#### Records for processing

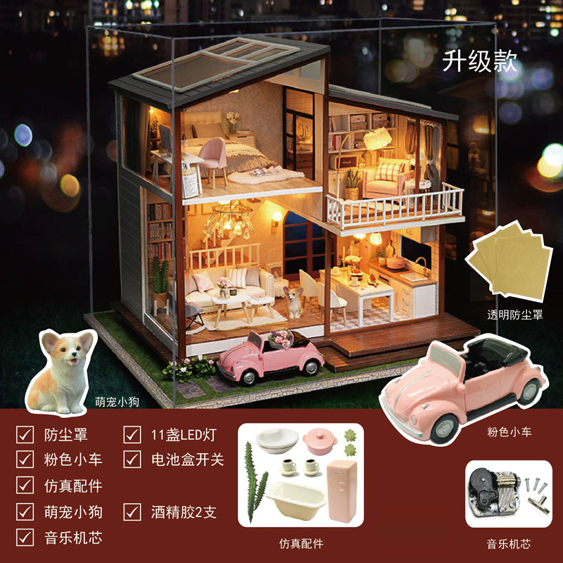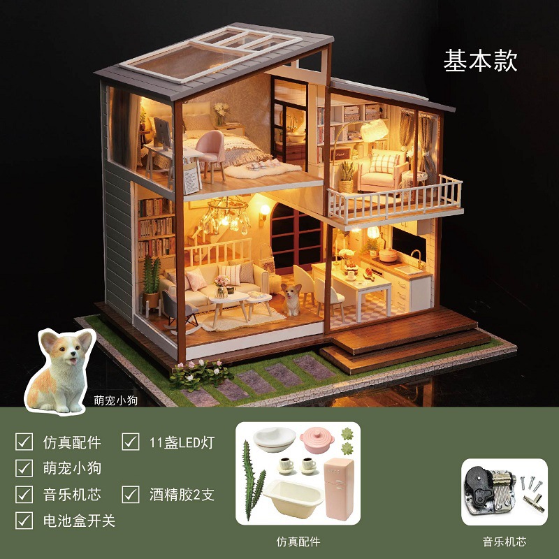 Zhiqu 하우스 어린이 장난감 수제 DIY 오두막 조립 대형 빌라 슬로우 타임 모델 성인 생일 선물
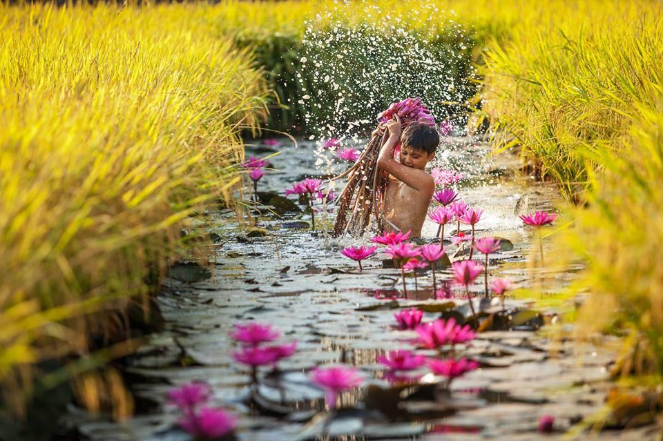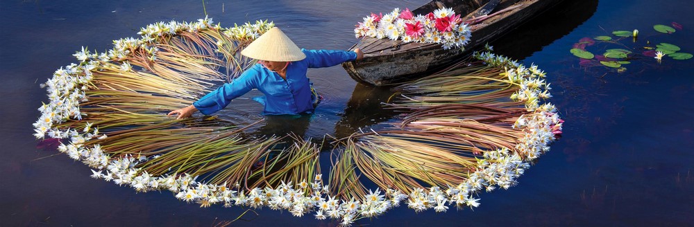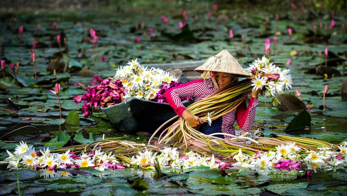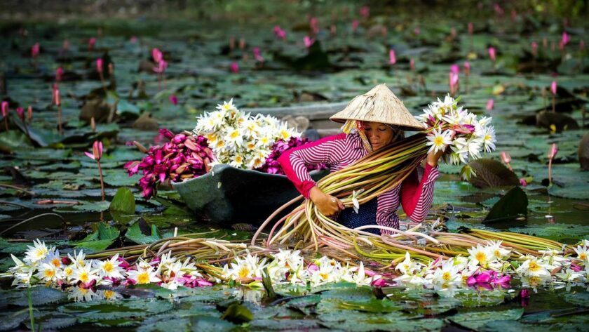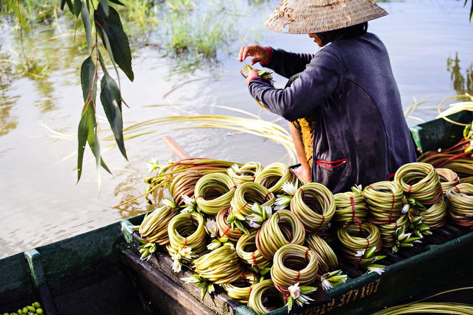 Cosecha de nenúfares en el Delta del Mekong, Vietnam
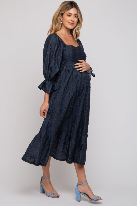 Navy Blue Metallic Jacquard Floral Maternity Midi Dress
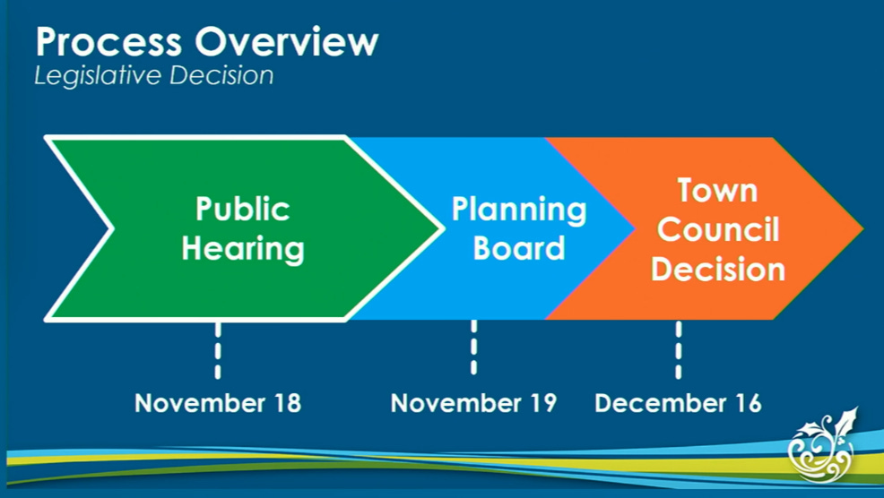 The legislative public hearing was the first step in a three-step process. The Planning Board met on Wednesday to review the case, and the next step is a December 16th visit with the Council for approval or denial.
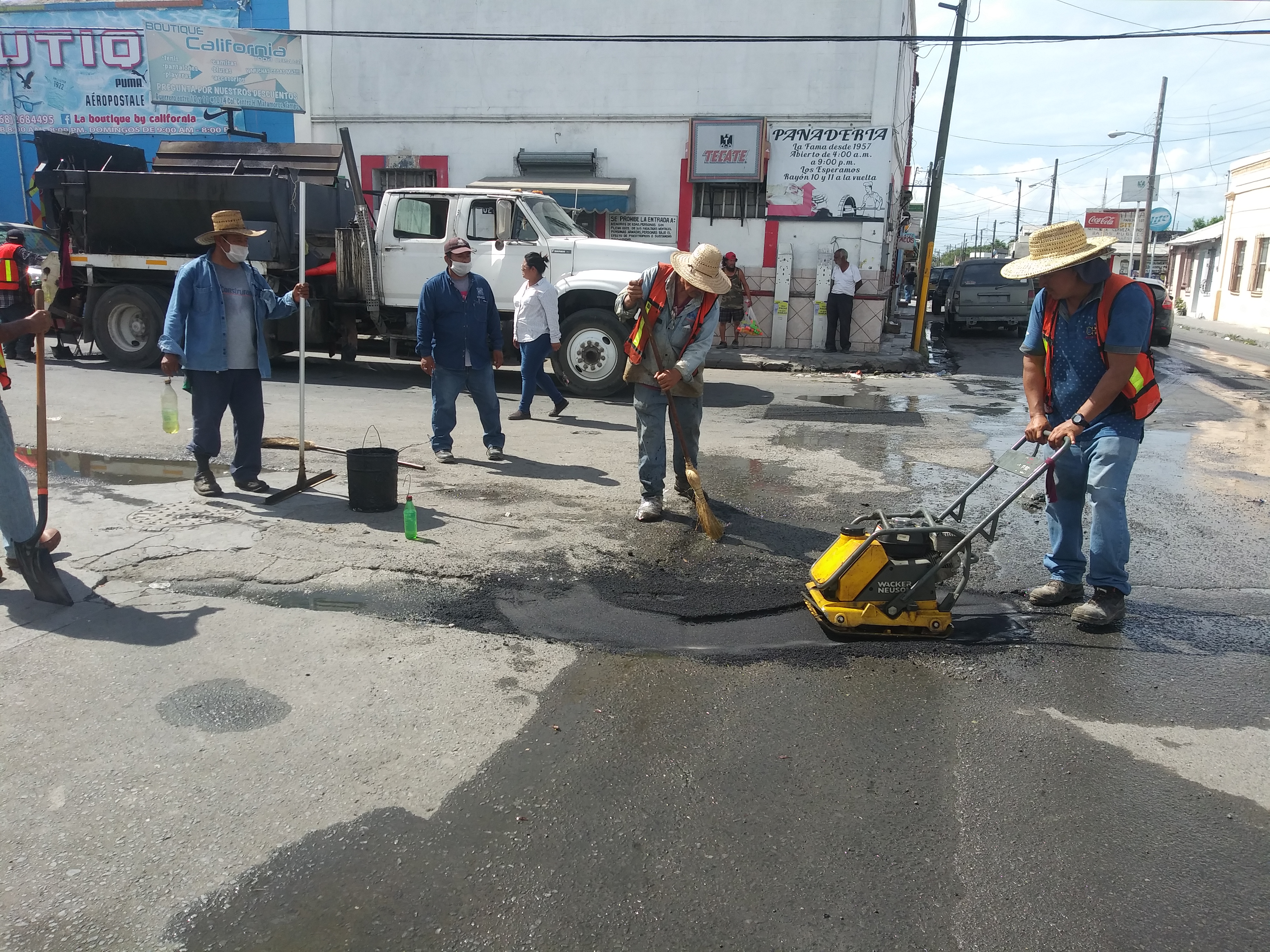 Matamoros, Tamaulipas.-Durante la mañana de este viernes las calles Guerrero y Terán, fueron cerradas a la circulación por personal de Obras Píºblicas, debido a los trabajos de bacheo que realizaron.
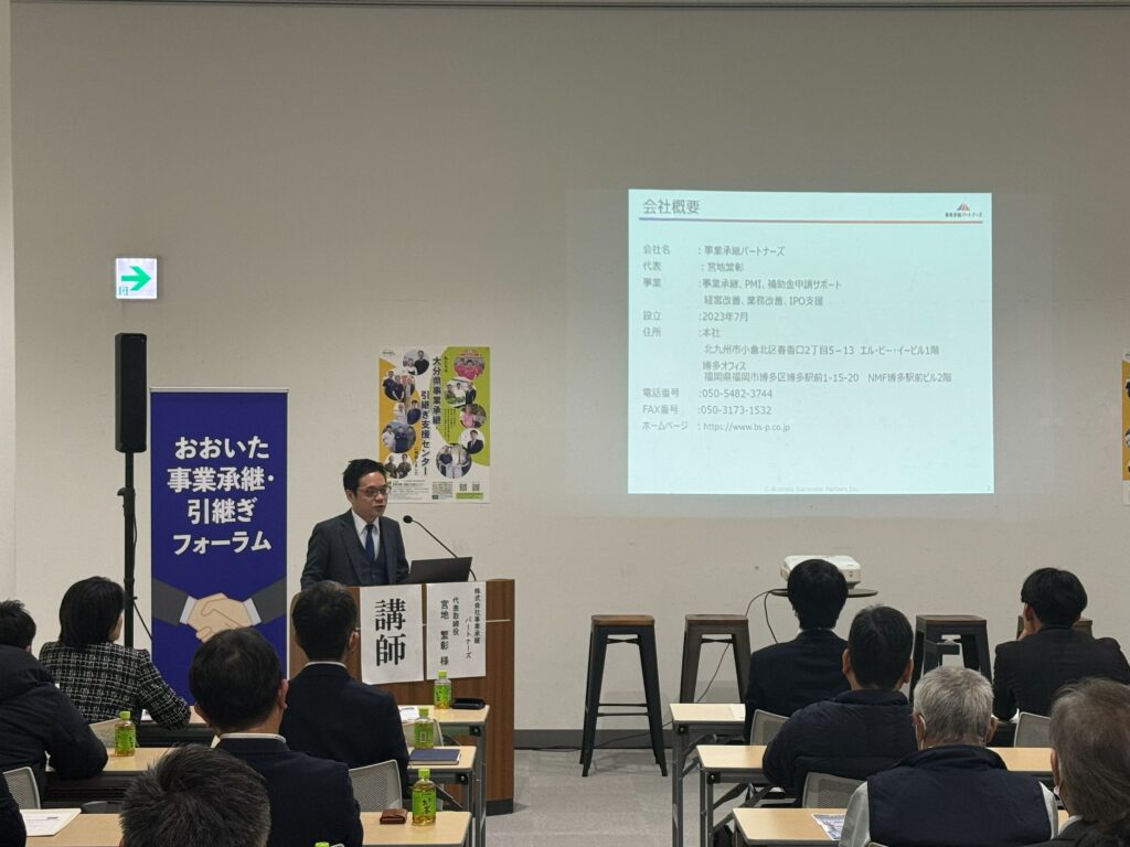 2025年11月25日 おおいた 事業承継・引き継ぎフォーラム(日田)にて、宮地が講師を務めました。
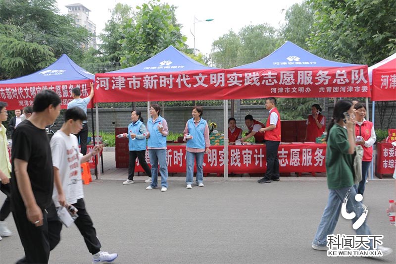 科技新闻网河津电(黄彩霞 郭世鹏 陈梅)为积极践行社会责任,深入推进“我为群众办实事”实践活动,助力莘莘学子顺利高考。近日,河津市审计局开展了助力高考志愿服务活动,为高考考生、陪考家长送去关怀、帮助与祝福。图为该局志愿者服务人员给高考学子和家长免费发放饮用矿泉水和清凉油等防暑降温物品。
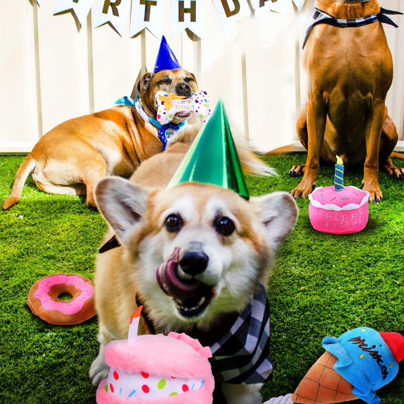 - 👑Funny Dog Gift: These soft plush toys are great for dogs to chew and play with, and are helpful in helping them clean their mouths and teeth, and burn off their high energy while playing.Whether you give or receive, this Birthday Surprise Cake toy will be the most coveted gift during a birthday pup bash
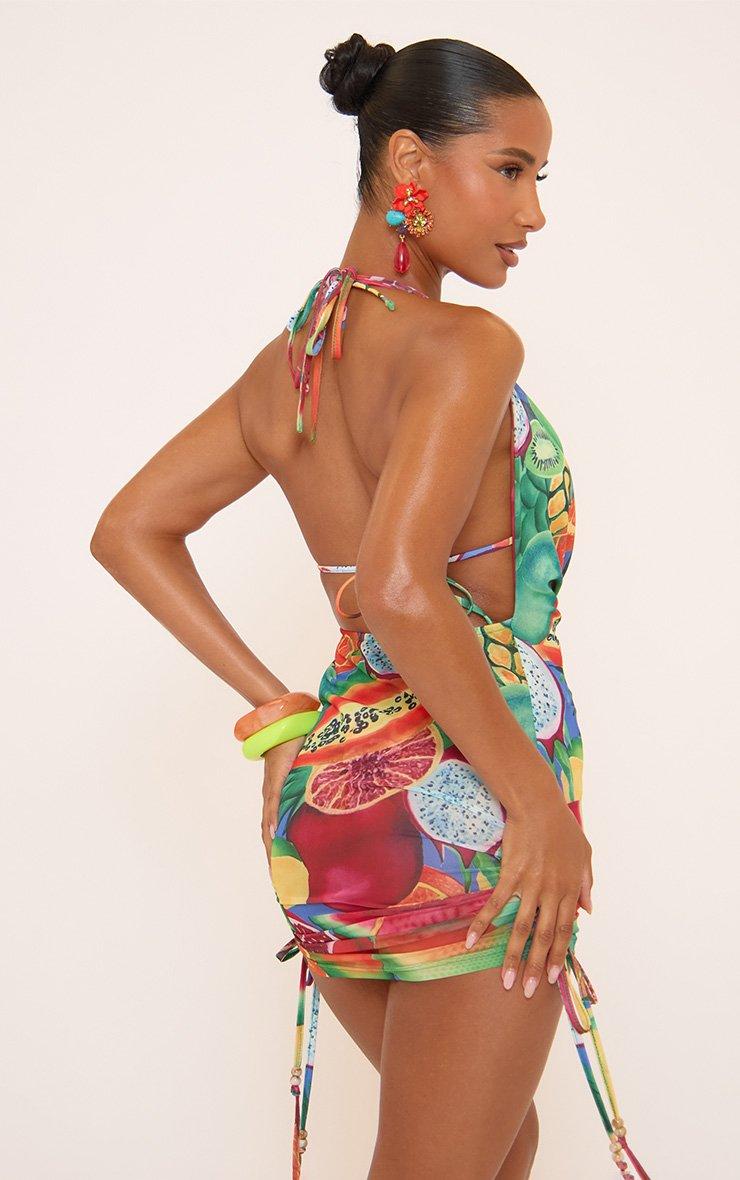 Hit refresh on your beachwear, doll! Featuring lightweight slinky material with ruched detailing, this multi fruit print mini dress brings vibrant vibes and chic energy for sun-soaked days.
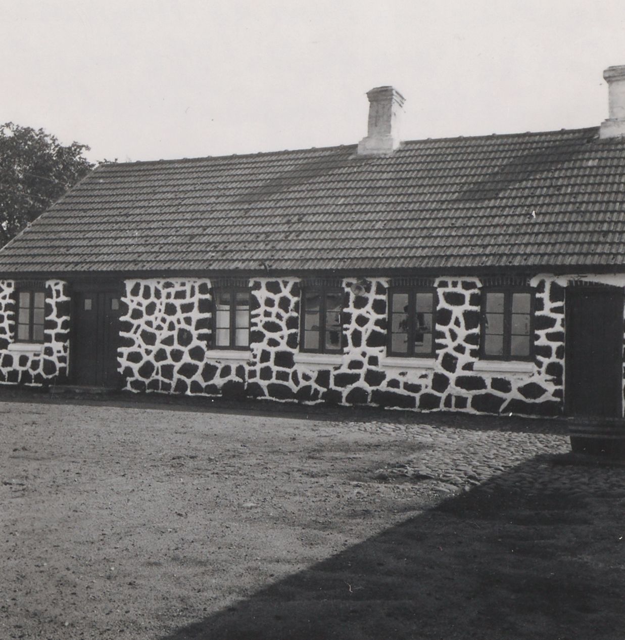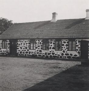 Maskingenkendt tekst fra arkivkort. Steensberg fot. 1942. Stuehus med Mur af Myrmalmblokke, Matr. Nr. 24 e. med fl. 5 Set fra Nord> I denne Side er Murtykkelsen r - 13” (=33 cm).

#### Your instructions
In the copy, only the lines from the one holding "The legislative public" through the end of the listing above should appear, retyped exactly, both ends included, with no pictures.

#### Exercise answer
 The legislative public hearing was the first step in a three-step process. The Planning Board met on Wednesday to review the case, and the next step is a December 16th visit with the Council for approval or denial.
 Matamoros, Tamaulipas.-Durante la mañana de este viernes las calles Guerrero y Terán, fueron cerradas a la circulación por personal de Obras Píºblicas, debido a los trabajos de bacheo que realizaron.
 2025年11月25日 おおいた 事業承継・引き継ぎフォーラム(日田)にて、宮地が講師を務めました。
 科技新闻网河津电(黄彩霞 郭世鹏 陈梅)为积极践行社会责任,深入推进“我为群众办实事”实践活动,助力莘莘学子顺利高考。近日,河津市审计局开展了助力高考志愿服务活动,为高考考生、陪考家长送去关怀、帮助与祝福。图为该局志愿者服务人员给高考学子和家长免费发放饮用矿泉水和清凉油等防暑降温物品。
 - 👑Funny Dog Gift: These soft plush toys are great for dogs to chew and play with, and are helpful in helping them clean their mouths and teeth, and burn off their high energy while playing.Whether you give or receive, this Birthday Surprise Cake toy will be the most coveted gift during a birthday pup bash
 Hit refresh on your beachwear, doll! Featuring lightweight slinky material with ruched detailing, this multi fruit print mini dress brings vibrant vibes and chic energy for sun-soaked days.
 Maskingenkendt tekst fra arkivkort. Steensberg fot. 1942. Stuehus med Mur af Myrmalmblokke, Matr. Nr. 24 e. med fl. 5 Set fra Nord> I denne Side er Murtykkelsen r - 13” (=33 cm).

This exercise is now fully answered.